For most creatures, mortality increases sharply with age – and we typically consider this to be natural. However, other animals, such as the hermit crab, the red abalone and the hydra, a microscopic freshwater animal experience very different trends enjoying almost constant levels of fertility and mortality. For the desert tortoise, the mortality even decreases as it gets older.
A study published in Nature compared demographic patterns across 46 species, showing that it’s not always necessary for ageing to lead to senescence deterioration of mortality and fertility, with age. Owen Jones, a biologist at the University of Southern Denmark in Odense, who led the study explains:
“By taking a grand view and doing a survey across species, we found plenty of violations of this underpinning theory,” says Jones.

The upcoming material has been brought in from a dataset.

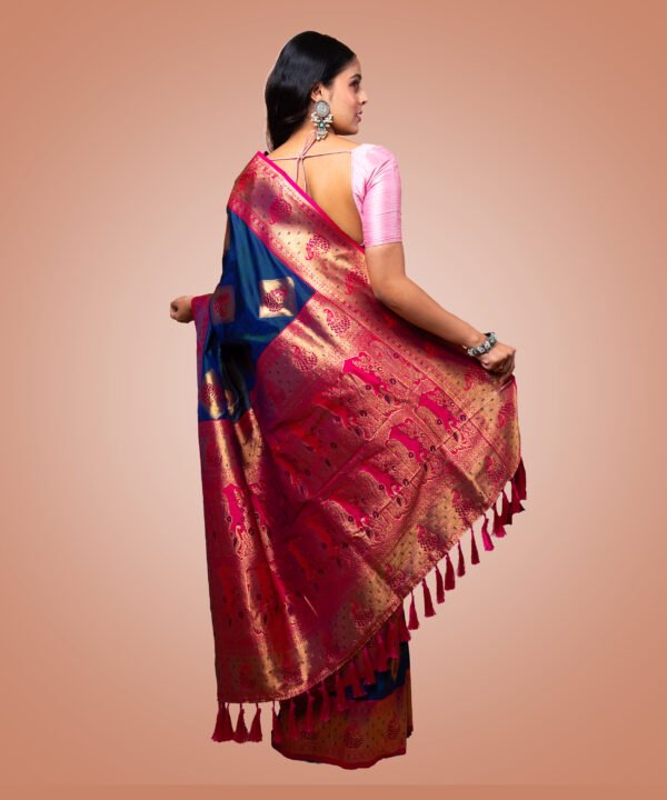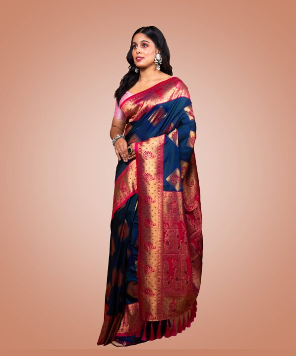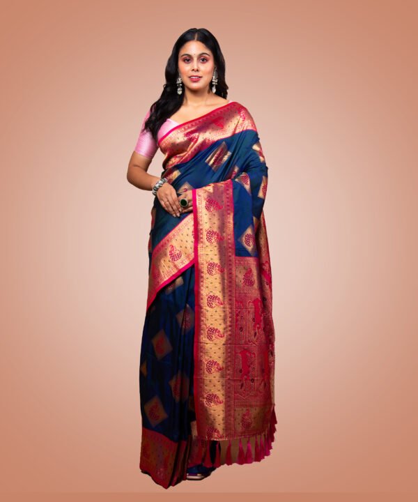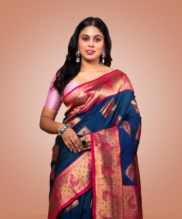 The deep navy blue shade exudes a regal charm, making it an ideal choice for festive celebrations, weddings, parties, and evening occasions. Its versatile hue flatters all skin tones and can be styled in both traditional and contemporary ways.

Comparing the fertility and mortality among 46 species is no easy task. They used published life-history data sets for 11 mammals, 12 other vertebrates, 10 invertebrates, 12 vascular plants and a green algae. The first interesting results started popping up pretty quickly: they found no correlation between the length of life and the degree of senescence.
When they organized the species along a senescence continuum, mammals were clustered at one end of the spectrum, among the organisms that have an abrupt shift in mortality, and plants gathered at the other end, while birds and invertebrates were scattered throughout. Strictly biologically speaking, this appears to be very weird.
“The [evolutionary] theories we have are applicable in lots of situations — but they can’t explain some cases,” says Jones. “It’s not about throwing out old theories; it’s about modifying theories to work on all species.”
Ah, but is such an approach truly valid? Some scientists have spoken against the relevance of this kind of study.
“This approach is like making a fruit salad and imagining it can tell you something about evolution of the orange,” says Steven Austad, an evolutionary biologist at the University of Texas Health Science Center in San Antonio. “This comparison of demographic trajectories across the tree of life is completely divorced from biology and ignores the impact of the environment,” he adds.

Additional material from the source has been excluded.